### Task goal
Omit every picture while you reproduce the entries that follow word for word.

━━ Data shown

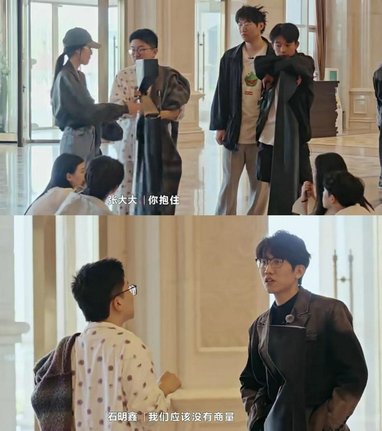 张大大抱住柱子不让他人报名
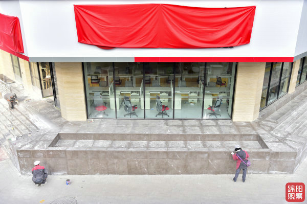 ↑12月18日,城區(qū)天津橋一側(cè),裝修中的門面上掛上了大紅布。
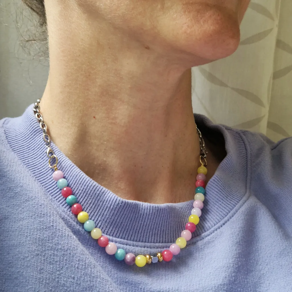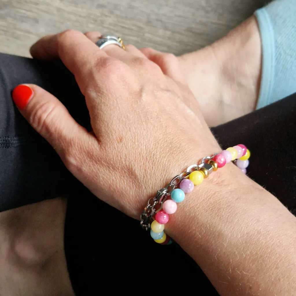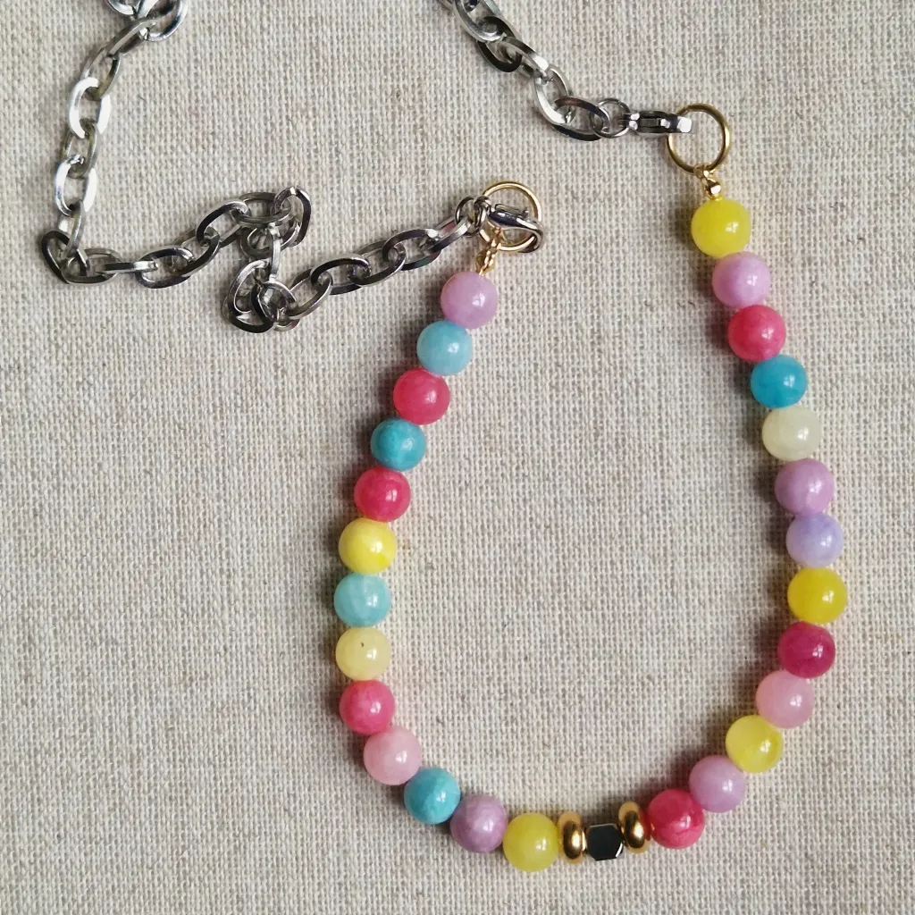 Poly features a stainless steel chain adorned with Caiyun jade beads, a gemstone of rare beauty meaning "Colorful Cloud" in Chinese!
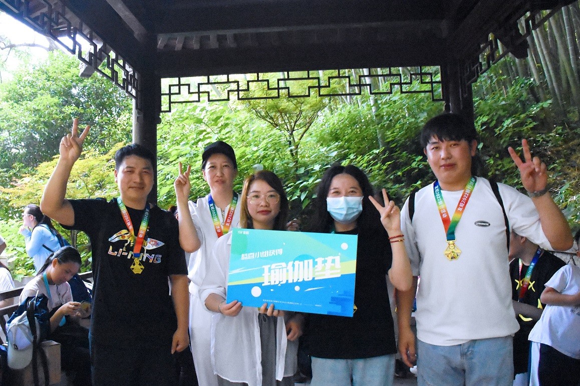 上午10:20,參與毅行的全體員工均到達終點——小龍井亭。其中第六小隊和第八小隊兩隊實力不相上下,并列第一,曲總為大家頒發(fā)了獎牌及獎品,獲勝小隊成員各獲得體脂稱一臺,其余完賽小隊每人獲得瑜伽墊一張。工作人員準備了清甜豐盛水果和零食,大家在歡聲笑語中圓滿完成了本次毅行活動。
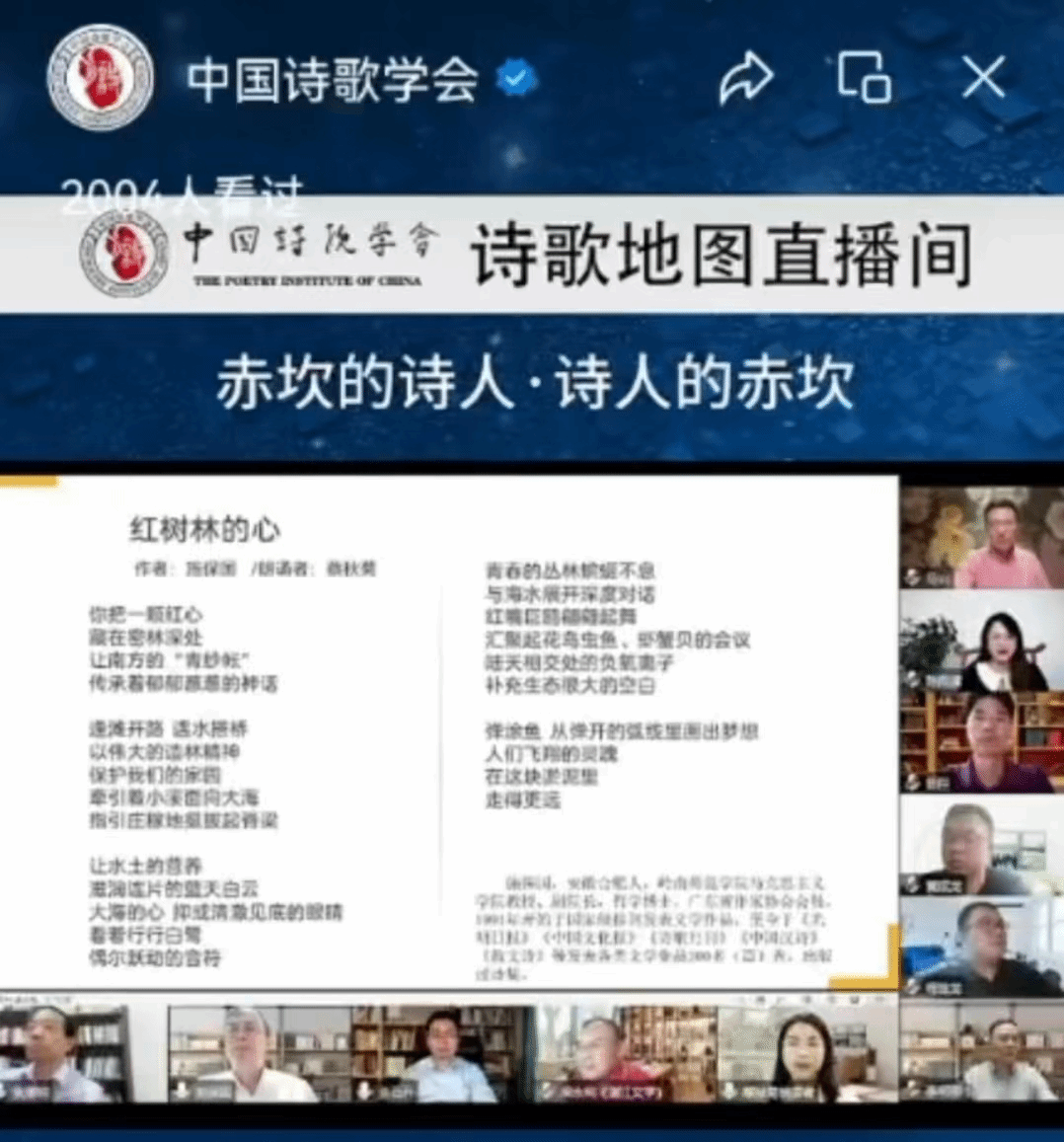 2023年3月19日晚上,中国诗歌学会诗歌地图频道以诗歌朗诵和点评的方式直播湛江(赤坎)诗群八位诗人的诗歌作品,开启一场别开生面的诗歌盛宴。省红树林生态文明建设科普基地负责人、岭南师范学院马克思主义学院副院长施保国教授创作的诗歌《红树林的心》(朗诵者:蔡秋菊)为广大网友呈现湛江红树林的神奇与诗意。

━━━━

### Exercise output
 张大大抱住柱子不让他人报名
 ↑12月18日,城區(qū)天津橋一側(cè),裝修中的門面上掛上了大紅布。
 Poly features a stainless steel chain adorned with Caiyun jade beads, a gemstone of rare beauty meaning "Colorful Cloud" in Chinese!
 上午10:20,參與毅行的全體員工均到達終點——小龍井亭。其中第六小隊和第八小隊兩隊實力不相上下,并列第一,曲總為大家頒發(fā)了獎牌及獎品,獲勝小隊成員各獲得體脂稱一臺,其余完賽小隊每人獲得瑜伽墊一張。工作人員準備了清甜豐盛水果和零食,大家在歡聲笑語中圓滿完成了本次毅行活動。
 2023年3月19日晚上,中国诗歌学会诗歌地图频道以诗歌朗诵和点评的方式直播湛江(赤坎)诗群八位诗人的诗歌作品,开启一场别开生面的诗歌盛宴。省红树林生态文明建设科普基地负责人、岭南师范学院马克思主义学院副院长施保国教授创作的诗歌《红树林的心》(朗诵者:蔡秋菊)为广大网友呈现湛江红树林的神奇与诗意。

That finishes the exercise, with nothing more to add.